How to Build Wealth in a Post-Recession Economy

The National Bureau of Economic Research recently declared a recession began in February, and, if history is a guide, the next 10 years will likely look far different than the past 10.

Recessions have consequences.

Today’s economic environment underscores just how important it is to have, and adhere to, a long-term financial plan expertly tailored for your goals. And that plan shouldn’t be founded on assumptions about “forever” trends or “new paradigms” about an asset class or industry. Instead, turbulent times like these are exactly the time to manage risk while remaining resolutely diversified across asset classes in order to thrive even as the economy, markets and society change in the years ahead.


Between 1990 and 2001, the S&P 500 and U.S. Small Caps were the best places to invest in the entire world, and growth clearly outpaced Emerging Markets, for example. But what happened after a recession in 2001? Emerging Markets and International Developed markets handily outshined the S&P 500 and Small Caps for the next six years — that is, until the Great Recession. Then, over the next 13 years, the S&P 500 once again led all asset classes. How might this recession alter the landscape for leading asset classes?

Well, no one can say with any certainty. There is no perfect model of the future. While this sounds obvious, this basic admission often separates individual investors from professional money managers and financial planners who do this for a living.



While financial planners and money managers certainly model an outlook for the economy, they are always aware that any hypothesis can be proven wrong. Therefore, instead of chasing trends, they hold fast to a principled process of portfolio construction that may overweight, or emphasize, a certain sector or asset class, but never abandon an asset class altogether. They always remain diversified, and that’s how professionals avoid fatal errors, or putting all the eggs into a single idea or trend that ends up being wrong.

Unfortunately, individual investors tend to sacrifice diversification in pursuit of assets that have been outperformers. In 2001, for example, individual investors piled into U.S. technology stocks, claiming a “new market reality and path to riches” had been declared. These investors outperformed those who remained steadfastly diversified, even in that “new market.” But the outperformance was short-lived, ending quickly and spectacularly for so many.

Similarly, in the mid-2000s (when overseas markets outperformed) the refrain was that China, Europe and oil were the paths to future riches.

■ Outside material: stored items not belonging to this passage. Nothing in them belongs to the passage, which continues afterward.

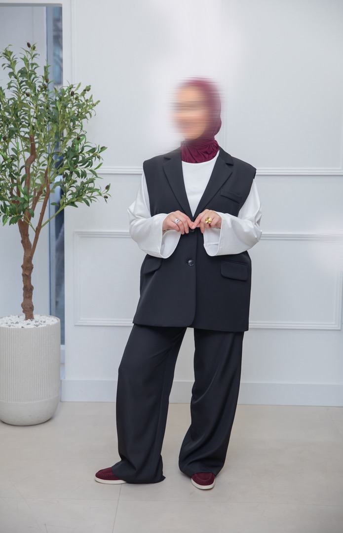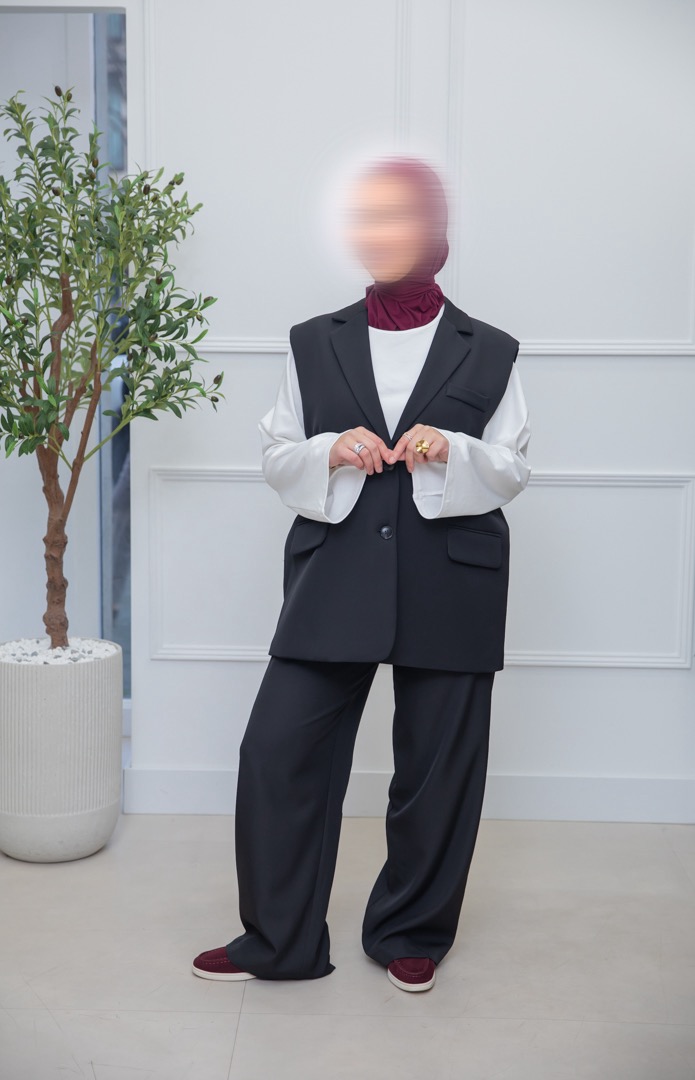 MODEL IS 1M65 EN DRAAGT MAAT S. DE ACHTERKANT HEEFT EEN OPENING.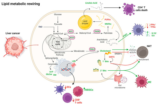 Metabolic rewiring of lipids in liver cancer cells and effects on immune cells infiltration. As illustrated in the review text, deregulation of lipids affects the recruitment and/or the activation of immune cells, potentially favoring immune escape of liver cancer cells. Abbreviations: ACC, acetyl-CoA carboxylase; ACLY, ATP citrate lyase; BAs: bile acids; DCs, dendritic cells; FAO, fatty acids oxidation; FASN, fatty acid synthase; GlcCer, glucosylceramides; M2, M2 macrophage; MDSCs, myeloid-derived suppressor cells; MUFAs, monounsaturated fatty acids; NKT, natural killer T cells; PGE2, prostaglandin E2; PUFAs, polyunsaturated fatty acids; S1P, sphingosine 1-phosphate; SM, sphingomyelin; SQLE, squalene epoxidase; SREBP2, sterol regulatory element-binding protein 2. Legend: green arrows and green bold text indicate up-regulated pathways; red arrows and red bold text indicate down-regulated pathways. Created with BioRender.com.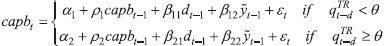 Our threshold autoregression model allows for two regimes depending on the endogenously selected threshold value θ:  | (6) |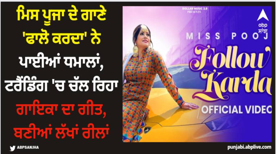 Miss Pooja Follow Karda Trending On Instagram: ਮਿਸ ਪੂਜਾ ਪੰਜਾਬੀ ਇੰਡਸਟਰੀ ਦੀਆਂ ਟੌਪ ਗਾਇਕਾਵਾਂ ਵਿੱਚੋਂ ਇੱਕ ਰਹੀ ਹੈ। ਉਸ ਦੇ ਗਾਏ ਗੀਤ ਅੱਜ ਵੀ ਵਿਆਹ ਸ਼ਾਦੀਆਂ ਦੇ ਫੰਕਸ਼ਨਾਂ ਦੀ ਸ਼ਾਨ ਹਨ। ਮਿਸ ਪੂਜਾ ਨੇ ਆਪਣੇ ਕਾਮਯਾਬ ਕਰੀਅਰ ਨੂੰ ਛੱਡ ਕੇ ਵਿਆਹ ਕਰ ਲਿਆ ਸੀ ਅਤੇ ਕੈਨੇਡਾ 'ਚ ਸੈਟਲ ਹੋ ਗਈ ਸੀ। ਉਸ ਤੋਂ ਕਈ ਸਾਲਾਂ ਬਾਅਦ ਮਿਸ ਪੂਜਾ ਨੇ ਮਿਊਜ਼ਿਕ ਇੰਡਸਟਰੀ 'ਚ ਵਾਪਸੀ ਕੀਤੀ ਹੈ।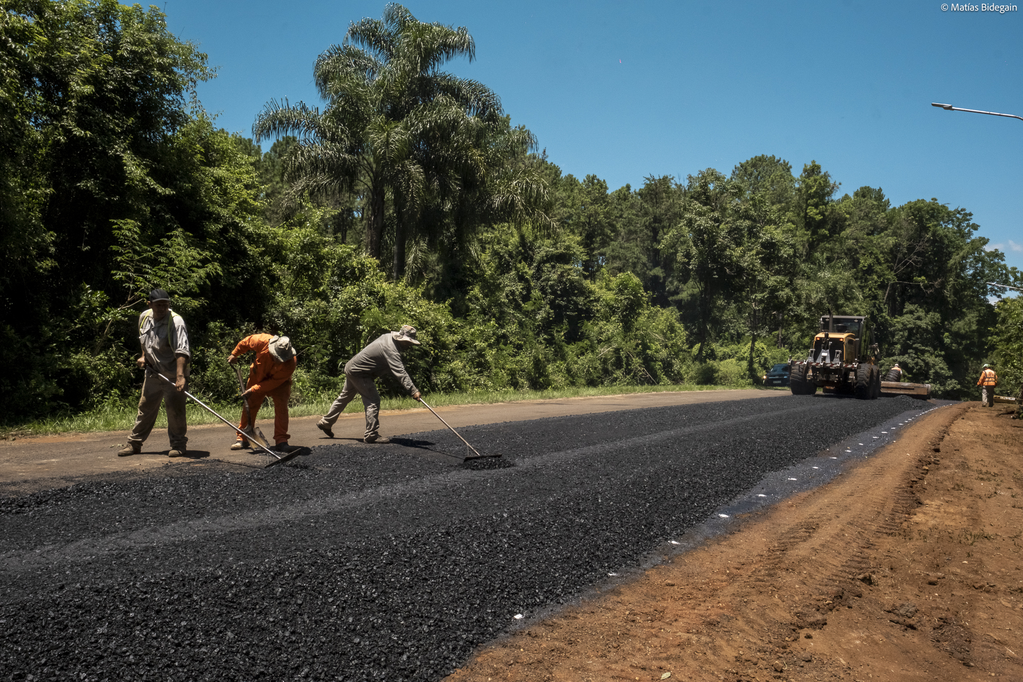 Junto con la Municipalidad Local, que aporta a la tarea, se está llevando adelante la reconstrucción de los sectores más dañados y reponiendo la capa asfáltica en gran parte de los poco más de 2.000 metros del camino de acceso hasta el portal de ingreso a uno de los atractivos turísticos naturales de mayor convocatoria en ese sector de Misiones.

This also ended abruptly for those who saw a new “forever trend” and chased these stories.

Today, you’re once again hearing people say things like, “Everyone knows that XYZ asset class is going to continue outperforming.” And, once again, we are hearing individuals question the value of diversification and, frankly, they are tired of hearing about it. But a recession often marks the end whatever asset or sector drove the previous expansion. Leading asset classes change. Society advances. Policymakers shift. Supply chains adapt and technology evolves. New ways of thinking and behaving are often cemented in the process of healing the wounds of a recession, and those new ways of operating often underpin the next expansion.

With an expertly crafted financial plan that’s diversified, manages risk and tailored to your goals, you’re already prepared for a changing world.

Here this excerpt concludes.